By 1900, in half a century, all Africa was mapped, explored, estimated and divided between the European powers. Little heed was given to the welfare of the natives in this scramble. The Arab slaver was indeed curbed rather than expelled, but the greed for rubber, which was a wild product collected under compulsion by the natives in the Belgian Congo, a greed exacerbated by the clash of inexperienced European administrators with the native population, led to horrible atrocities. No European power has perfectly clean hands in this matter.
We cannot tell here in any detail how Great Britain got possession of Egypt in 1883 and remained there in spite of the fact that Egypt was technically a part of the Turkish Empire, nor how nearly this scramble led to war between France and Great Britain in 1898, when a certain Colonel Marchand, crossing Central Africa from the west coast, tried at Fashoda to seize the Upper Nile.
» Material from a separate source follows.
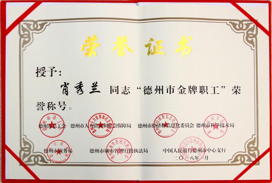 ? ? ? ? 育嬰師工種前五名被我單位獨(dú)攬,肖秀蘭、王秀梅分獲第一、第二名,均被授予“德州市五一勞動(dòng)獎(jiǎng)?wù)隆狈Q號(hào),肖秀蘭還同時(shí)被授予“德州市金牌職工”稱號(hào)并獲5000元獎(jiǎng)金,龐靈君、顏美娟、劉麗分獲第三、四、五名。
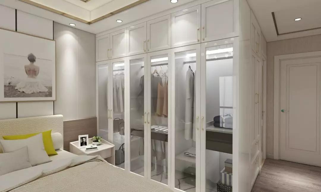到頂衣柜節省空間,玻璃柜門使得空間格外通透,精致拉手彰顯時尚,臥室也可以精致如畫。

Nor can we tell how the British Government first let the Boers, or Dutch settlers, of the Orange River district and the Transvaal set up independent republics in the inland parts of South Africa, and then repented and annexed the Transvaal Republic in 1877; nor how the Transvaal Boers fought for freedom and won it after the battle of Majuba Hill (1881). Majuba Hill was made to rankle in the memory of the English people by a persistent press campaign. A war with both republics broke out in 1899, a three years’ war enormously costly to the British people, which ended at last in the surrender of the two republics.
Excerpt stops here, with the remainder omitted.